Extract the generated initramfs and remove unnecessary startup scripts. Since this series does not support networking, delete all network-related scripts:
rm ./x/etc/init.d/S41dhcpcd
rm ./x/extracted/etc/init.d/S40network
Also, add the following startup script as S999whiz
instead:
#!/bin/sh
mdev -s
mount -t proc none /proc
stty -opost
/bin/sh
umount /proc
poweroff -d 0 -f
The final directory structure will look like this:
> tree ./x/etc/init.d
./x/etc/init.d
├── rcK
├── rcS
├── S01syslogd
├── S02klogd
├── S02sysctl
├── S20seedrng
└── S999whiz
Once the preparations above are complete, gzip-compress rootfs.cpio
to create rootfs.cpio.gz
and copy it to the zig-out/img
directory where the Ymir kernel is located:
> tree ./zig-out/img
./zig-out/img
├── bzImage
├── efi
│ └── boot
│ └── BOOTX64.EFI
├── rootfs.cpio.gz
└── ymir.elf
Loading initramfs by Surtr
Just like loading bzImage
into memory, it is Surtr's responsibility to load rootfs.cpio.gz
into memory and pass it to Ymir. Add code to boot.zig
to allocate memory for rootfs.cpio.gz
and load it:
const initrd = openFile(root_dir, "rootfs.cpio.gz") catch return .Aborted;
const initrd_info_buffer_size: usize = @sizeOf(uefi.FileInfo) + 0x100;
var initrd_info_actual_size = initrd_info_buffer_size;
var initrd_info_buffer: [initrd_info_buffer_size]u8 align(@alignOf(uefi.FileInfo)) = undefined;
status = initrd.getInfo(&uefi.FileInfo.guid, &initrd_info_actual_size, &initrd_info_buffer);
if (status != .Success) return status;
const initrd_info: *const uefi.FileInfo = @alignCast(@ptrCast(&initrd_info_buffer));
var initrd_size = initrd_info.file_size;
var initrd_start: u64 = undefined;
const initrd_size_pages = (initrd_size + (page_size - 1)) / page_size;
status = boot_service.allocatePages(.AllocateAnyPages, .LoaderData, initrd_size_pages, @ptrCast(&initrd_start));
if (status != .Success) return status;
status = initrd.read(&initrd_size, @ptrFromInt(initrd_start));
if (status != .Success) return status;
Also, add information about the location where initramfs is loaded to GuestInfo
, which is the data passed from Surtr to Ymir:
pub const GuestInfo = extern struct {
...
/// Physical address the initrd is loaded.
initrd_addr: [*]u8,
/// Size in bytes of the initrd.
initrd_size: usize,
};
Before Surtr transfers control to Ymir, fill in the initramfs information:
const boot_info = defs.BootInfo{
...
.guest_info = .{
...
.initrd_addr = @ptrFromInt(initrd_start),
.initrd_size = initrd_size,
},
};
kernel_entry(boot_info);
With this, Surtr can load initramfs into memory and pass its information to Ymir. Let's verify that Ymir can access the passed information. Add the following code to kernelMain()
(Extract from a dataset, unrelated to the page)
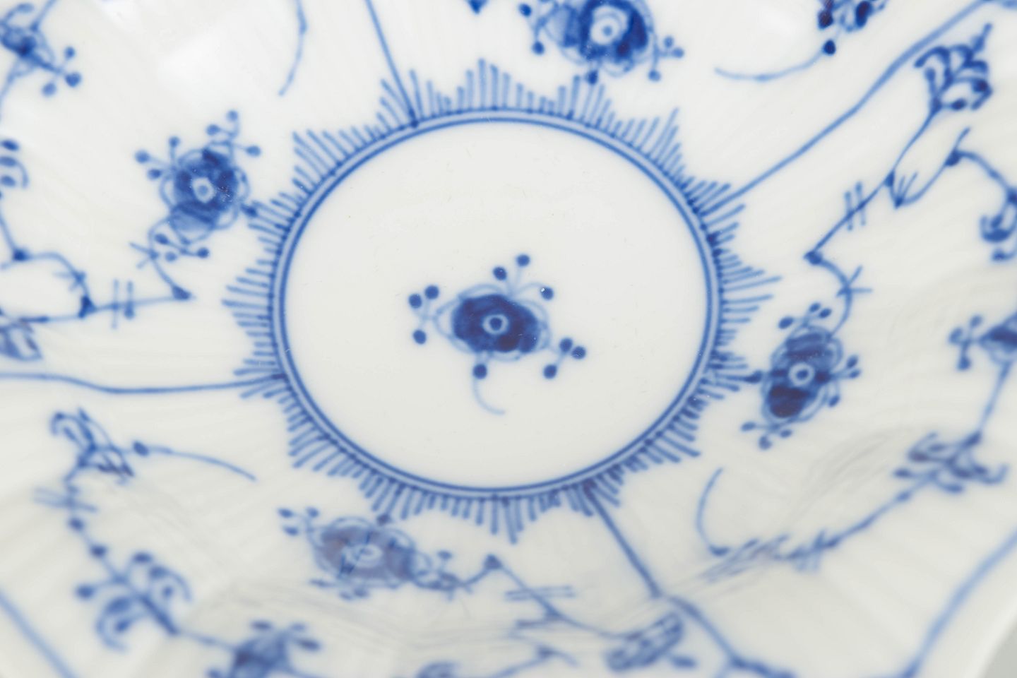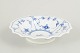 Klassisk asiet i Musselmalet Riflet, udført i riflet form med let bølget kant og dekoreret med håndmalet koboltblå underglasur. Asietten har et centralt spejl omgivet af den karakteristiske musselmalede dekoration og fremstår som en elegant mindre del til servering af kage, dessert eller tilbehør.

. Note that the initramfs address passed from Surtr is a physical address, so you need to convert it to a virtual address using phys2virt()
:
const initrd = b: {
const ptr: [*]u8 = @ptrFromInt(ymir.mem.phys2virt(guest_info.initrd_addr));
break :b ptr[0..guest_info.initrd_size];
};
log.info("initrd: 0x{X:0>16} (size=0x{X})", .{ @intFromPtr(initrd.ptr), initrd.len });
Passing initramfs to Guest
The SetupHeader
within BootParams
, used in the x86 Linux boot protocol, contains fields for specifying the physical address and size of the initramfs. By loading the initramfs at an appropriate address in guest memory and setting that address and size in SetupHeader
, the Linux kernel will recognize and mount the initramfs. In this series, we will load the initramfs at 0x0600_0000
:
pub const layout = struct {
...
pub const initrd = 0x0600_0000;
};
Let's load the initramfs in loadKernel()
:
fn loadKernel(self: *Self, kernel: []u8, initrd: []u8) Error!void {
...
// Load initrd
bp.hdr.ramdisk_image = linux.layout.initrd;
bp.hdr.ramdisk_size = @truncate(initrd.len);
try loadImage(guest_mem, initrd, linux.layout.initrd);
...
}
Summary
In this chapter, we created initramfs, had Surtr load it, and then passed it to the guest. Let's run the guest and see how it behaves:
[ 0.364946] Loading compiled-in X.509 certificates
[ 0.364946] PM: Magic number: 0:110:269243
[ 0.364946] printk: legacy console [netcon0] enabled
[ 0.364946] netconsole: network logging started
[ 0.364946] cfg80211: Loading compiled-in X.509 certificates for regulatory database
[ 0.364946] modprobe (41) used greatest stack depth: 13840 bytes left
[ 0.364946] Loaded X.509 cert 'sforshee: 00b28ddf47aef9cea7'
[ 0.364946] Loaded X.509 cert 'wens: 61c038651aabdcf94bd0ac7ff06c7248db18c600'
[ 0.364946] platform regulatory.0: Direct firmware load for regulatory.db failed with error -2
[ 0.364946] cfg80211: failed to load regulatory.db
[ 0.364946] ALSA device list:
[ 0.364946] No soundcards found.
[ 0.364946] Freeing unused kernel image (initmem) memory: 2704K
[ 0.365946] Write protecting the kernel read-only data: 26624k
[ 0.365946] Freeing unused kernel image (rodata/data gap) memory: 1488K
[ 0.395946] x86/mm: Checked W+X mappings: passed, no W+X pages found.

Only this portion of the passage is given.